[WHAT YOU NEED TO DO]:
Transcribe the records exactly. Pictures do not belong in the transcription.

[DATA SHOWN]:
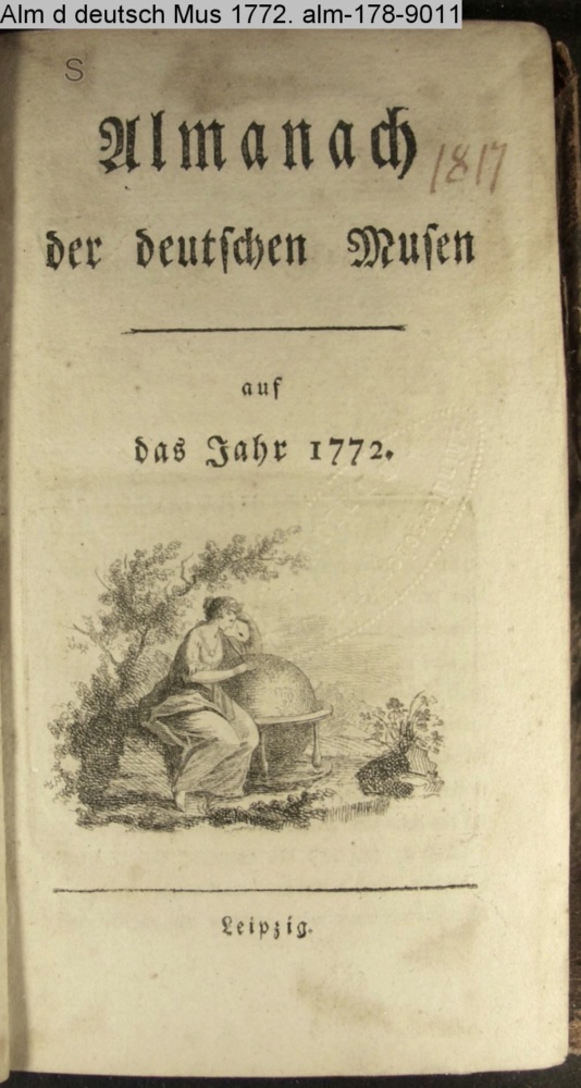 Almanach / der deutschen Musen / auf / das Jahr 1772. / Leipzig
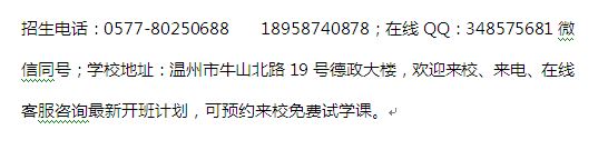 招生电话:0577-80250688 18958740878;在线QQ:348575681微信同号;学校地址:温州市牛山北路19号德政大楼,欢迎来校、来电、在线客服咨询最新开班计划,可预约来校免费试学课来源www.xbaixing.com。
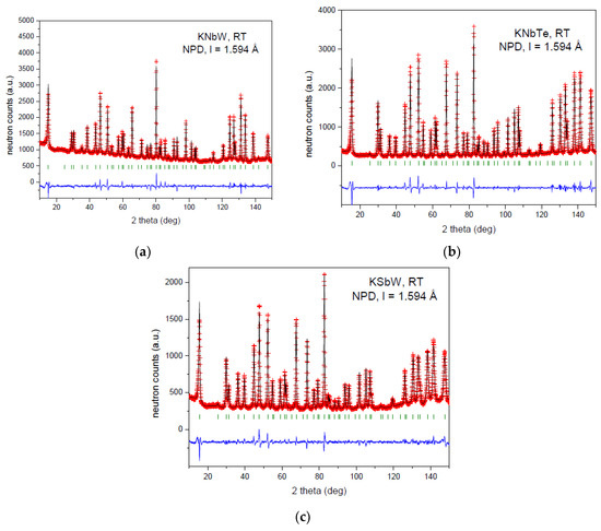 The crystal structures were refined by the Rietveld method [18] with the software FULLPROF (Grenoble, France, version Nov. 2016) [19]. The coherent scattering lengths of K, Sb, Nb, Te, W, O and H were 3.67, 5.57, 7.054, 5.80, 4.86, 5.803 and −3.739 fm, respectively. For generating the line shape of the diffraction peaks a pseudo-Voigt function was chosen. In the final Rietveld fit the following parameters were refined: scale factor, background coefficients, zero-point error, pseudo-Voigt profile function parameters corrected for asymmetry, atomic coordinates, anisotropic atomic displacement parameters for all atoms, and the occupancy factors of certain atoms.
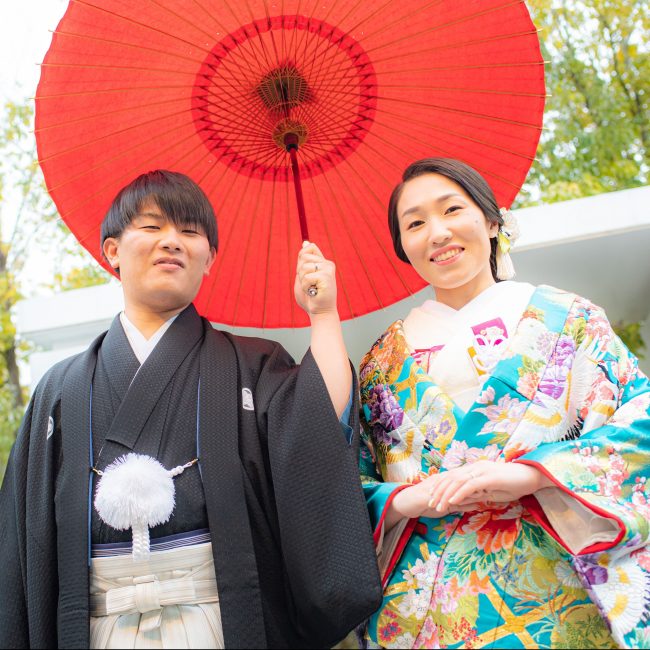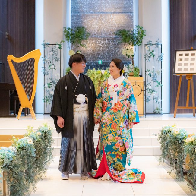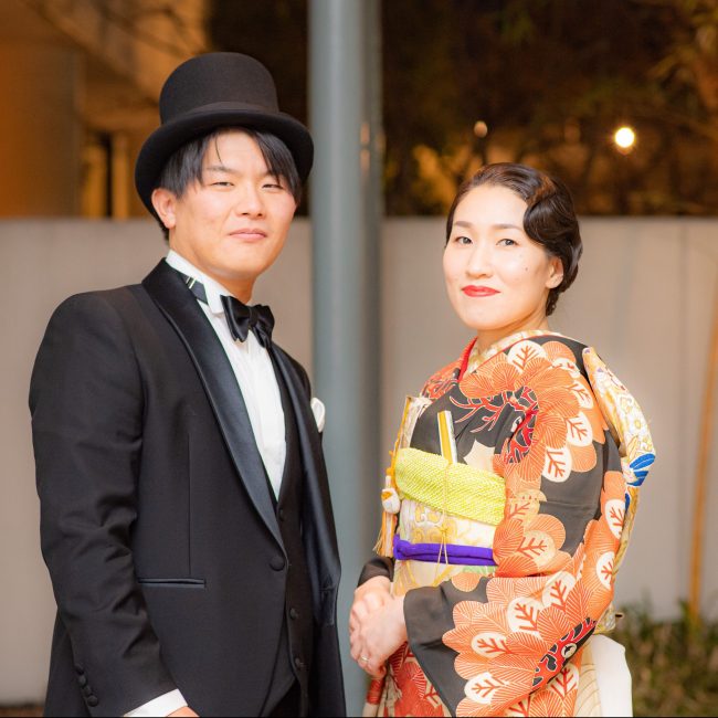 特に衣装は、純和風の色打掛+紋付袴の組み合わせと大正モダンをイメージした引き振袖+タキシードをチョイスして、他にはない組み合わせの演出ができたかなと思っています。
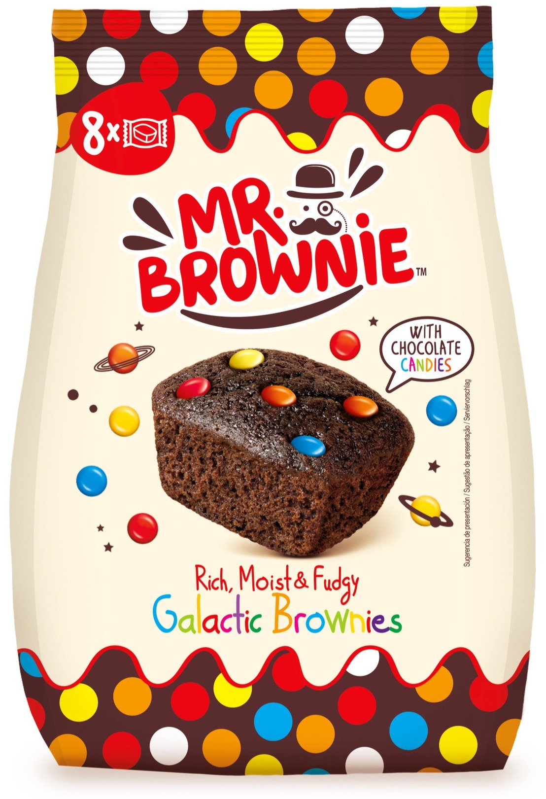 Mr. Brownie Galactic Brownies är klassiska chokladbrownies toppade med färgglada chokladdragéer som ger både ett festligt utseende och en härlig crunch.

[RESPONSE BELOW]:
 Almanach / der deutschen Musen / auf / das Jahr 1772. / Leipzig
 招生电话:0577-80250688 18958740878;在线QQ:348575681微信同号;学校地址:温州市牛山北路19号德政大楼,欢迎来校、来电、在线客服咨询最新开班计划,可预约来校免费试学课来源www.xbaixing.com。
 The crystal structures were refined by the Rietveld method [18] with the software FULLPROF (Grenoble, France, version Nov. 2016) [19]. The coherent scattering lengths of K, Sb, Nb, Te, W, O and H were 3.67, 5.57, 7.054, 5.80, 4.86, 5.803 and −3.739 fm, respectively. For generating the line shape of the diffraction peaks a pseudo-Voigt function was chosen. In the final Rietveld fit the following parameters were refined: scale factor, background coefficients, zero-point error, pseudo-Voigt profile function parameters corrected for asymmetry, atomic coordinates, anisotropic atomic displacement parameters for all atoms, and the occupancy factors of certain atoms.
 特に衣装は、純和風の色打掛+紋付袴の組み合わせと大正モダンをイメージした引き振袖+タキシードをチョイスして、他にはない組み合わせの演出ができたかなと思っています。
 Mr. Brownie Galactic Brownies är klassiska chokladbrownies toppade med färgglada chokladdragéer som ger både ett festligt utseende och en härlig crunch.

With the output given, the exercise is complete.